在 2026/5/16 02:24, Eduard Zingerman 写道:
> On Fri, 2026-05-15 at 12:34 +0800, Kaitao Cheng wrote:
>>
>> 在 2026/5/14 09:50, Alexei Starovoitov 写道:
>>> On Wed May 13, 2026 at 3:53 PM PDT, Eduard Zingerman wrote:
>>>> On Tue, 2026-05-12 at 06:41 +0000, [email protected] wrote:
>>>>
>>>> [...]
>>>>
>>>>> When a BPF program holds an owning or refcount-acquired reference to
>>>>> one of these nodes (node X), which is structurally supported because
>>>>> __bpf_obj_drop_impl() uses refcount_dec_and_test() and only frees at
>>>>> refcount 0, a concurrent push to a DIFFERENT bpf_list_head becomes a
>>>>> corruption:
>>>>>
>>>>> CPU 0 (bpf_list_head_free, lock released) CPU 1 (BPF prog, refcount X)

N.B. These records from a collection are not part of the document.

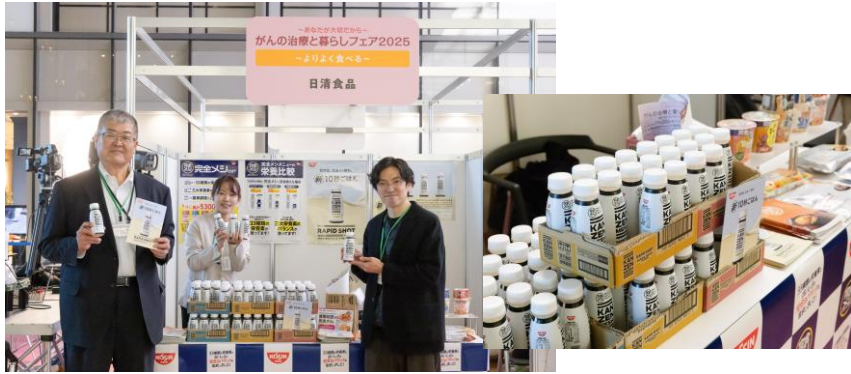
日清食品株式会社
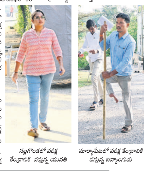
నల్లగొండలో పరీక్ష కేంద్రానికి వస్తున్న యువతి

జిల్లా వ్యాప్తంగా 49 పరీక్ష కేంద్రాల్లో గ్రూప్-2 పరీక్ష నిర్వహించారు. కొండా రిజిస్ట్రేషన్ పరిధిలో 19 పరీక్ష కేంద్రాలు, సూర్యాపేట రిజిస్ట్రేషన్ పరిధిలో 90 పరీక్ష కేంద్రాలు ఏర్పాటు చేశారు. 16,857 మంది అభ్యర్థులకుగానూ సగం మంది మాత్రమే పరీక్ష రాశారు. పేపర్-1 16,857 మంది అభ్యర్థులకుగానూ 8,608 మంది హాజరయ్యారు. 8,249 మంది గైర్జరయ్యారు. పేపర్-2కు 8,570 మంది (50.83 శాతం) హాజరయ్యారు.
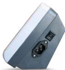
Fuente de alimentación
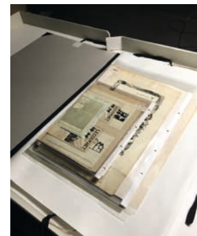
Studio photo de l'Institut suisse pour l'étude de l'art (SIK-ISEA), Zurich, septembre 2018

En septembre, après due préparation à la Fondation de la commande, le photographe Patrice Maurin Berthier a réalisé 37 prises de vues au Musée départemental Maurice Denis, à Saint-Germain-en-Laye. Enfin, Katia Poletti s'est rendue à Paris en novembre pour accompagner le photographe Jean-Louis Losi chez plusieurs particuliers au domicile desquels ont été photographiées des œuvres originales – dessins et projets d'affiches.
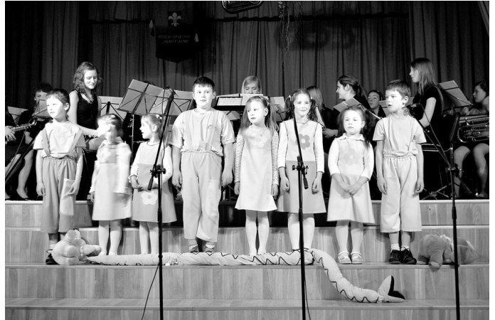
Jubilejas koncertā Skaistkalnes tautas namā kopā ar pūtēju orķestri droši uz skatuves kāpa arī bērnu vokālais ansamblis «Adatiņas» no Misas.

Cieša sadarbība pūtēju orķestrim ir izveidojusies ar Misas tautas nama sieviešu vokālo ansambli «Vēja meitenes» (vadītāja Olga Čerņišova-Stūriška). Kad kolektīva sastāvs vēl bija «zaļš» un bieži gadījās nospēlēt «šķībi», Misas meiteņu dziedājums koncertu vērtā skanīgāku un pilnvērtīgāku. Paldies ansambļa dalīb-
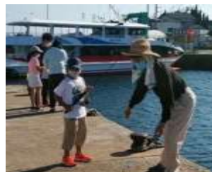
全学年 釣りクラブ
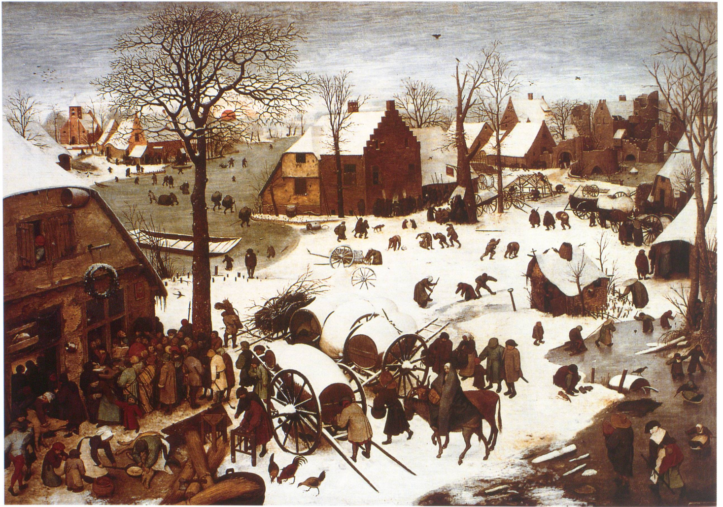
Pieter Bruegel d. Ä. (1527/28–1569), Die Volkszählung zu Bethlehem, Musées Royaux des Beaux-Arts de Belgique, Bruxelles.

In jenen Tagen erging vom Kaiser Augustus ein Befehl, das ganze Weltreich aufzuzeichnen. Dies war die erste Aufzeichnung. Sie fand statt unter Quirinius, dem Statthalter von Syrien. Alle gingen hin, um sich eintragen zu lassen, ein jeder in seine Vaterstadt.
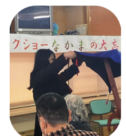
机が浮くマジックに感動☆
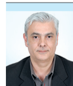
Του ΓΙΑΝΝΗ ΠΑΠΑΘΕΟΔΩΡΟΥ*

« ΓΙΑΤ' ΕΙΝΑΙ ΘΕΛΗΜΑ Θεού η Πόλη να τουρκέψη». Ο στίχος ανήκει στον πιο διαδεδομένο «θρήνο» για την άλωση της Κωνσταντινούπολης. Η σύγχρονη έρευνα έχει δείξει πως τόσο η παλαιότητα του θρήνου όσο και η αυθεντικότητα του στίχου είναι αμφίβολη. Οι προσθαφαιρέσεις στίχων σε όλες τις παραλλαγές του θρήνου είναι άλλωστε συχνές και γνωστές, ήδη από την εποχή του Φοριέλ, στον οποίο χρωστάμε την «ανακάλυψη» των δημοτικών τραγουδιών. Σήμερα, γνωρίζουμε ότι ο στίχος «προστέθηκε» από τον Σπ. Ζαμπέλιο, τον 19ο αιώνα. Η δημοτικοφανής «μίμηση» και η προσθήκη του στίχου από τον Ζαμπέλιο γνώρισε πάντως μεγάλη επιτυχία και αποδοχή. Ετσι, ο μύθος ενίσχυσε την ιδεολογική χρήση της ιστορίας. Ο θρήνος «της Αγία-Σοφιάς», όπως έλεγε ο Ν. Γ. Πολίτης στις πρώτες δεκαετίες του 20ού αιώνα, έμοιαζε να έχει συνταχθεί «ευθύς μετά την καταστροφή» και να αντανάκλα «με βαθειά απλότητα συναίσθημα εγκαρτερήσεως προς τα μεγάλα εθνικά δεινά και βεβαίαν την ελπίδα του δουλωθέντος γένους περί ελευθερίας και ανορθώσεως».

>>>>> ----------------------------------------- ----------------------------
>>>>> (owner of X == NULL, X linked in drain)
>>>>> bpf_list_push_back(other, X)
>>>>> __bpf_list_add: spin_lock()
>>>>> cmpxchg(X->owner, NULL,
>>>>> POISON) -> OK
>>>>> list_add_tail(&X->list_head,
>>>>> other_head)
>>>>> -> overwrites X->next,
>>>>> X->prev, corrupts
>>>>> other_head's chain
>>>>> because X is still
>>>>> stitched into drain
>>>>> pos = drain.next; (may be X or neighbor using X's stale next)
>>>>> list_del_init(pos); reads X->next/prev now pointing into other_head,
>>>>> corrupts other_head's list and/or drain
>>>>
>>>>
>>>> Kaitao, this scenario seem plausible, could you please comment on it?
>>>
>>> I think bot is correct.
>>> This patch looks buggy.
>>> It seems to me an optimization that breaks the concurrent logic.
>>> May be just drop this patch and reorder the other one, so that bot
>>> sees nonown suffix logic first.
>>
>> This patch is still necessary because it addresses the problem discussed
>> in this thread:
>> https://lore.kernel.org/all/[email protected]/
>>
>> The patch does have a bug, however. To fix the issues we are seeing now,
>> I propose the additional changes below and would appreciate feedback.
>>
>> --- a/kernel/bpf/helpers.c
>> +++ b/kernel/bpf/helpers.c
>> @@ -2263,8 +2263,10 @@ void bpf_list_head_free(const struct btf_field
>> *field, void *list_head,
>> if (!head->next || list_empty(head))
>> goto unlock;
>> list_for_each_safe(pos, n, head) {
>> - WRITE_ONCE(container_of(pos,
>> - struct bpf_list_node_kern, list_head)->owner, NULL);
>> + struct bpf_list_node_kern *node;
>> +
>> + node = container_of(pos, struct bpf_list_node_kern,
>> list_head);
>> + WRITE_ONCE(node->owner, BPF_PTR_POISON);
>> list_move_tail(pos, &drain);
>> }
>> unlock:
>> @@ -2272,8 +2274,12 @@ void bpf_list_head_free(const struct btf_field
>> *field, void *list_head,
>> __bpf_spin_unlock_irqrestore(spin_lock);
>>
>> while (!list_empty(&drain)) {
>> + struct bpf_list_node_kern *node;
>> +
>> pos = drain.next;
>> + node = container_of(pos, struct bpf_list_node_kern,
>> list_head);
>> list_del_init(pos);
>> + WRITE_ONCE(node->owner, NULL);
>
> I think this still leaves a short race window open.
> Why does the .owner has field to be NULL?
> Can the logic that implies for it to be NULL be extended to accept
> POISON as well?
Here, before setting owner to NULL, list_del_init() has already been
executed, which means the node no longer belongs to any list. This
should match the semantic meaning of owner == NULL.
Do you mean deleting WRITE_ONCE(node->owner, NULL) and preventing
all subsequent __bpf_list_add() operations on this node?
>
>> /* The contained type can also have resources, including a
>> * bpf_list_head which needs to be freed.
>> */
>> @@ -2481,6 +2487,14 @@ static int __bpf_list_add(struct bpf_list_node_kern
>> *node,
>> if (unlikely(!h->next))
>> INIT_LIST_HEAD(h);
>>
>> + /* bpf_list_head_free() marks nodes being detached with
>> BPF_PTR_POISON
>> + * before list_del_init(). cmpxchg(NULL, POISON) below would fail
>> with
>> + * that old value and fall into the generic error path, which wrongly
>> + * calls __bpf_obj_drop_impl(). Reject POISON up front instead.
>> + */
>> + if (READ_ONCE(node->owner) == BPF_PTR_POISON)
>> + return -EINVAL;
>> +
This code block is not needed; I will remove it.